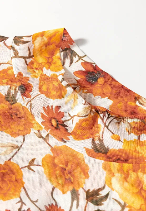 Printed Mock Neck Flare Sleeve Top ‐ Tangerine / (US 4-6)S
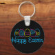 This design features decorated eggs in neon colours of pink, yellow, purple and blue. Happy Easter is printed on the bottom of this design. A black backround is applied to the back. These key chains come in assorted styles.
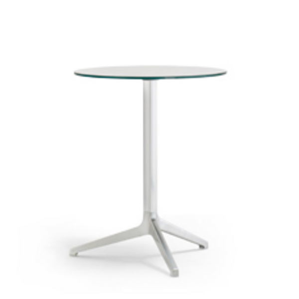 Table with three aluminium legs and extruded aluminium column, available combined with tops of different sizes and finishes.
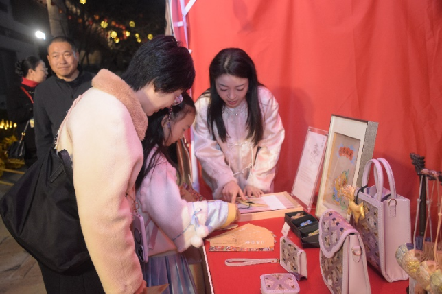 在仁和織繡的攤位前,來自北京的沈女士正帶著女兒一起體驗。沈女士的女兒在學習京劇,特別喜歡傳統文化和非遺。“我們之前在博物館見過緙絲,但不了解具體工藝。現場準備了緙絲小教具,我們可以親自動手體驗,看著一根根絲線最終形成畫面,特別有成就感。”對于緙絲體驗,沈女士頻頻點贊。

※

### WORK INSTRUCTIONS
Copy each line of the listing exactly, skipping any picture.

### SOLUTION FOR THIS EXERCISE
 Printed Mock Neck Flare Sleeve Top ‐ Tangerine / (US 4-6)S
 This design features decorated eggs in neon colours of pink, yellow, purple and blue. Happy Easter is printed on the bottom of this design. A black backround is applied to the back. These key chains come in assorted styles.
 Table with three aluminium legs and extruded aluminium column, available combined with tops of different sizes and finishes.
 在仁和織繡的攤位前,來自北京的沈女士正帶著女兒一起體驗。沈女士的女兒在學習京劇,特別喜歡傳統文化和非遺。“我們之前在博物館見過緙絲,但不了解具體工藝。現場準備了緙絲小教具,我們可以親自動手體驗,看著一根根絲線最終形成畫面,特別有成就感。”對于緙絲體驗,沈女士頻頻點贊。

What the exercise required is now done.